# Group the variable according to its value and get a histogram

I'm trying to group the variable according to its values and get a histogram.

For example, this is my data:

r <-c(1,899,1,2525,763,3,2,2,1863,695,9,4,2876,1173,1156,5098,3,3876,1,1, 3023,76336,13,003,9898,1,10,843,10546,617,1375,1,1,5679,1,21,1,13,6,28,1,14088,682)

I want to group r by its value, like: 1-5, 5-10, 10-100, 100-500 and more than 500. And then I want to get a histogram which the x axis is in the type of interval (1-5,5-10,10-100,100-500 and more than 500) . How to solve that?
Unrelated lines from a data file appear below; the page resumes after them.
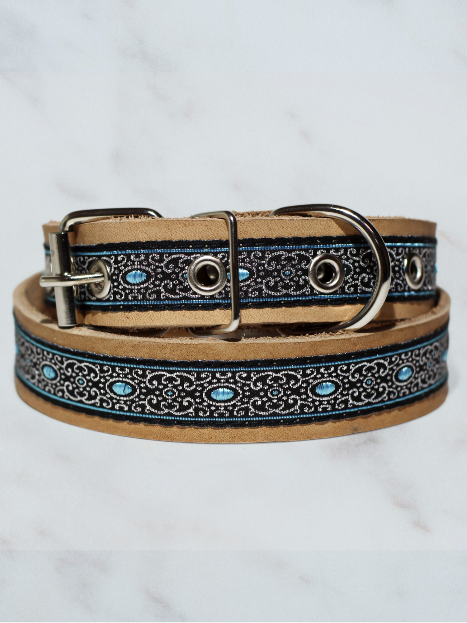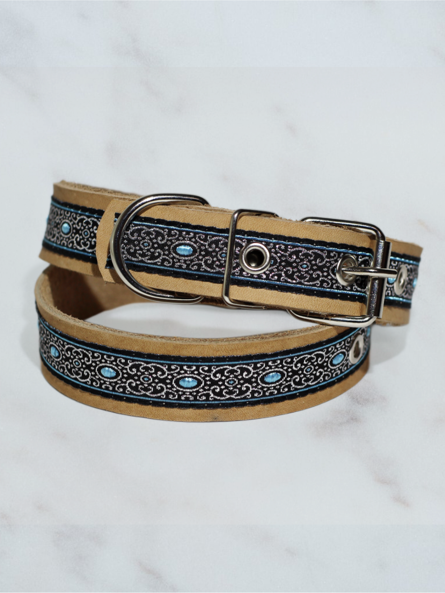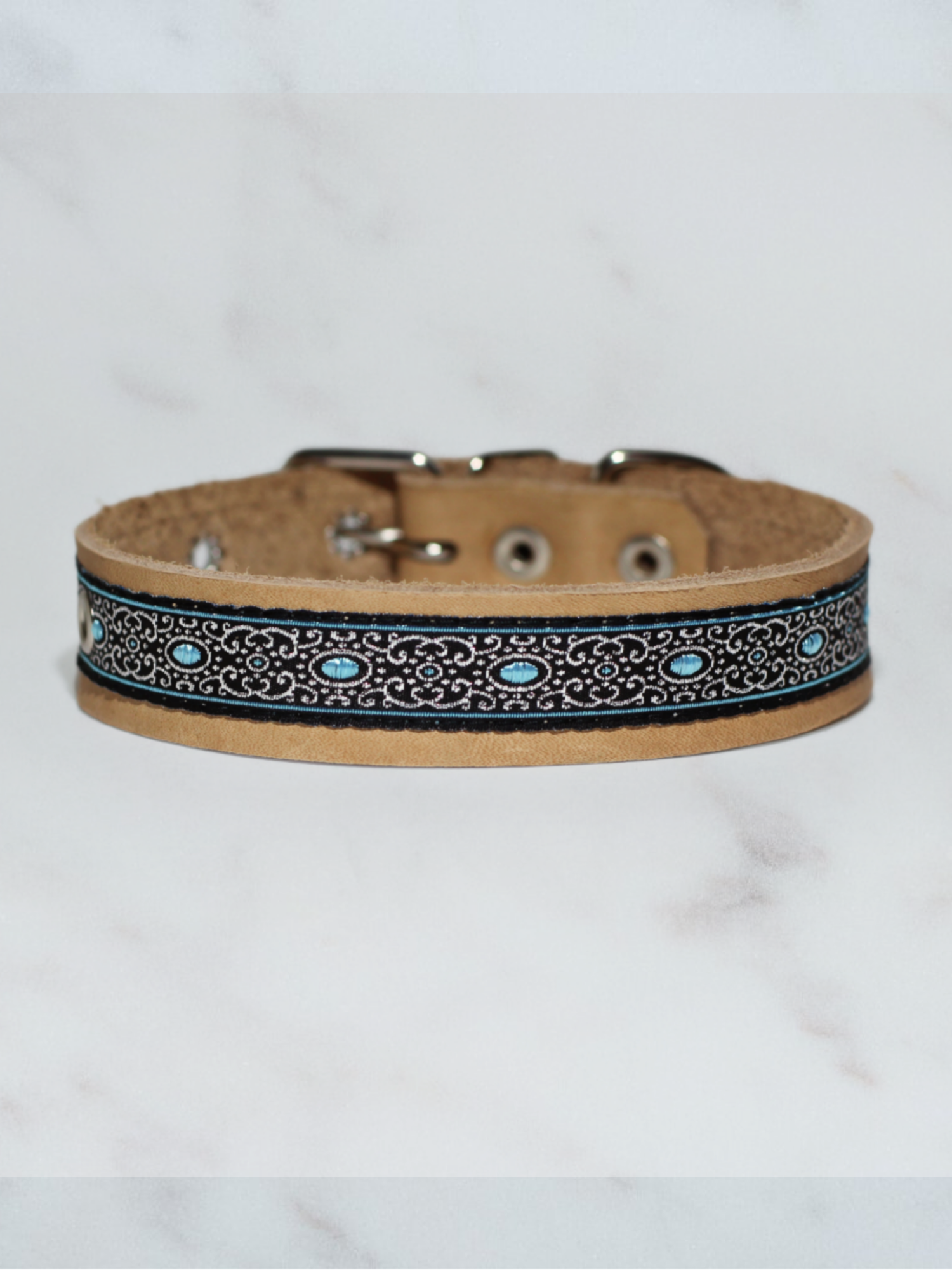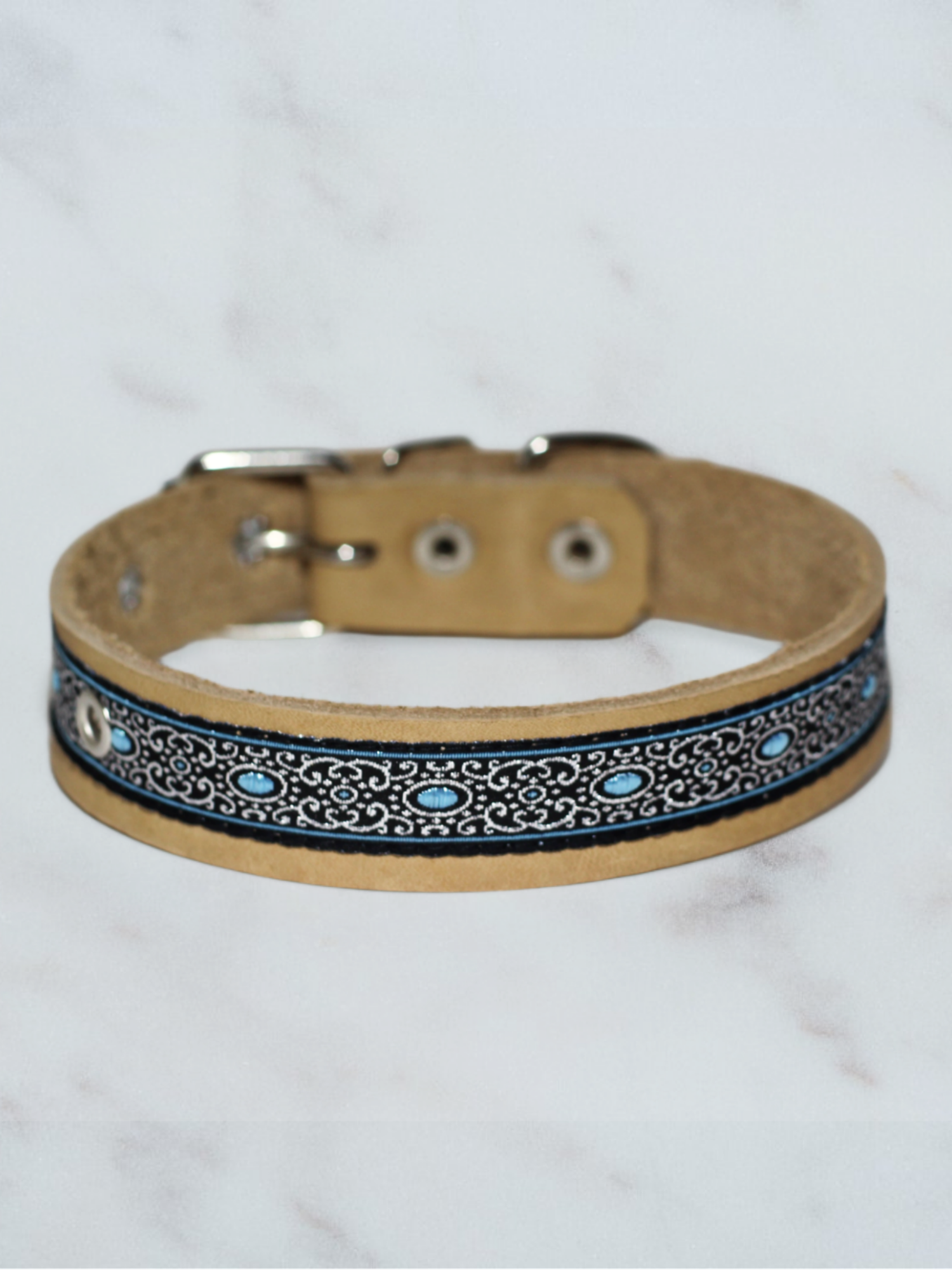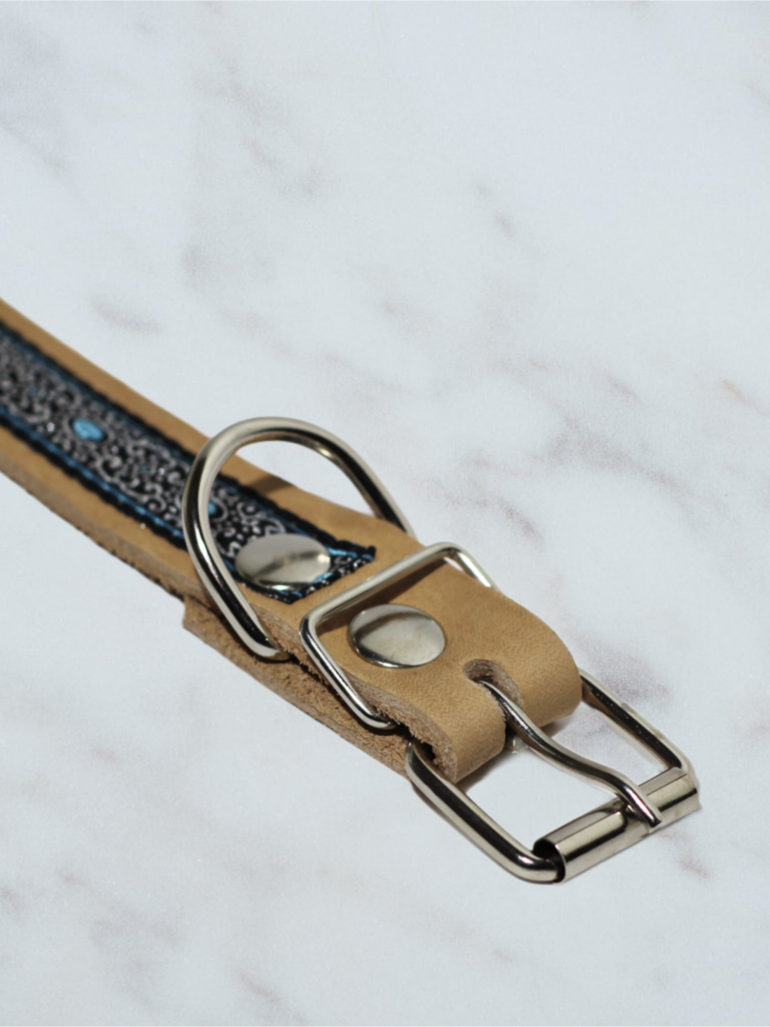 Ошейник для собак кожаный декоративный с жаккардом, обхват 23-34 см, M 40см, бежевый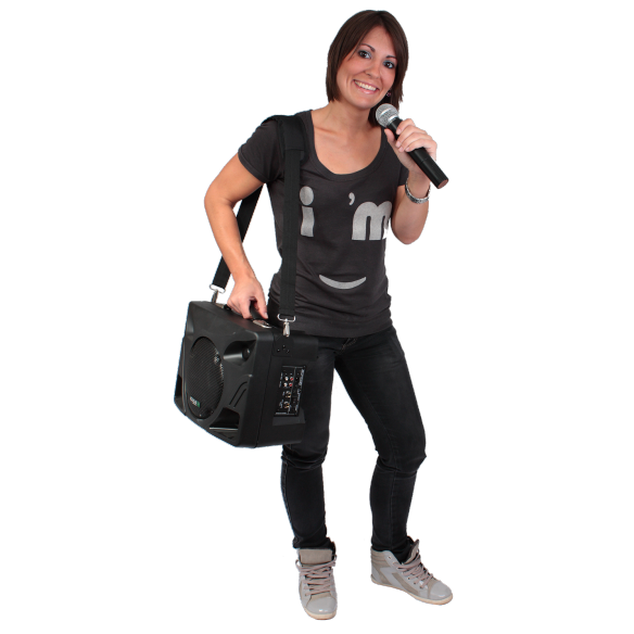 Système de sonorisation portable dans un boitier ABS surmoulé, facile à transporter et à utiliser absolument partout même en l'absence d'une alimentation électrique.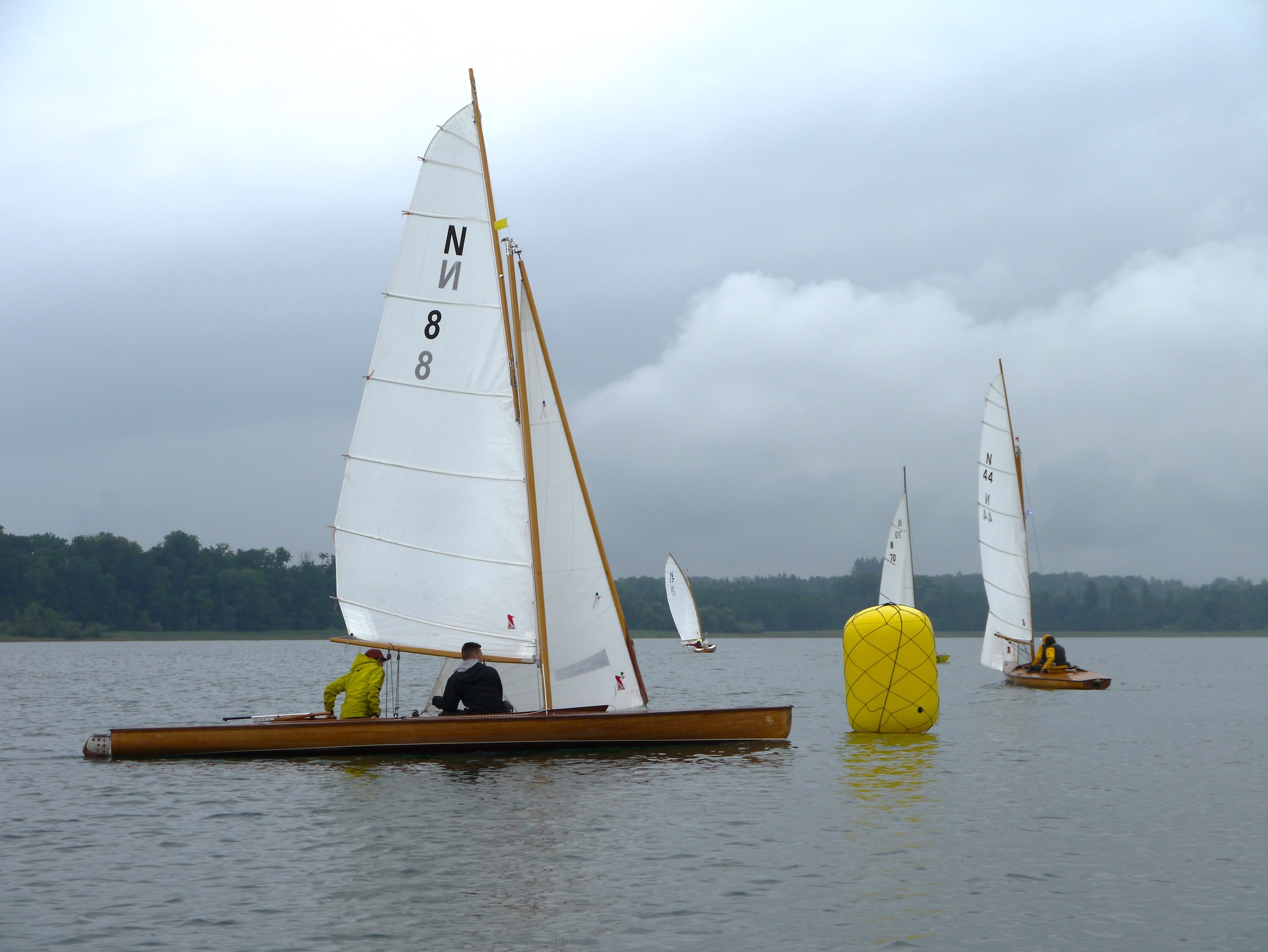 Auch am Chiemsee hatte sich über Nacht starkes Regenwetter bei kaum Wind eingestellt, sodass der folgende Tag die Erwartungen auf weitere Wettfahrten stark trübte. Die Teilnehmer nutzten daher den Vormittag zur Abhaltung der jährlichen Generalversammlung. Ein diktatorischer Vorgang, auf den ich mich aufgrund meiner jahrelangen Routine darin eigentlich gar nicht mehr vorbereiten muss. Diesmal stand auf der Tagesordnung, einen Weg zu finden, Paul zu überzeugen, künftig auch Besitzer einer 10qm Rennjolle zu werden. Ein dafür geeignetes Boot war uns bereits bekannt und so wurde einfach ein „Sondervermögen“ aus der Klassenkassa aktiviert, um dieses Vorhaben zu ermöglichen. Der Plan ging auf und unser Dank geht hier auch an Rafael Berleb, der ohne darüber zuvor informiert gewesen zu sein, bereit war, sein „ZEHNERL“ N 387 an Paul zu verkaufen. So bleibt das sehr schöne Boot auch im Revier der Bayrischen Seen erhalten und Raphael kann uns auch weiterhin als wertvoller Segelkamerad für die Klasse begleiten.

If I want to use le package ggplot2, code as following:

ggplot(data=r, aes(x=r))+geom_histogram(breaks = c(1, 5, 10, 100, 500,2000,Inf))

It dosen't work and R says that "missing value where TRUE/FALSE needed". And how to make the larges of bins are the same?

## Answers

In base R

r <-c(1,899,1,2525,763,3,2,2,1863,695,9,4,2876,1173,1156,5098,3,3876,1,1,5, 3023,76336,13,003,9898,1,10,843,10546,617,1375,1,1,5679,1,21,1,13,6,28,1,14088,682) cut.vals <- cut(r, breaks = c(1, 5, 10, 100, 500, Inf), right = FALSE) xy <- data.frame(r, cut = cut.vals) barplot(table(xy$cut))

Note that I added the xy variable to ease in comparing how values were grouped. You can directly put cut.vals into the barplot(table()).

To use ggplot2, you can pre-calculate all the bins and plot

ggplot(xy, aes(x = cut)) + theme_bw() + geom_bar() + scale_x_discrete(drop = FALSE)

geom_histogram's most common parameter that controls bin size is binwidth, which is constant for all bins.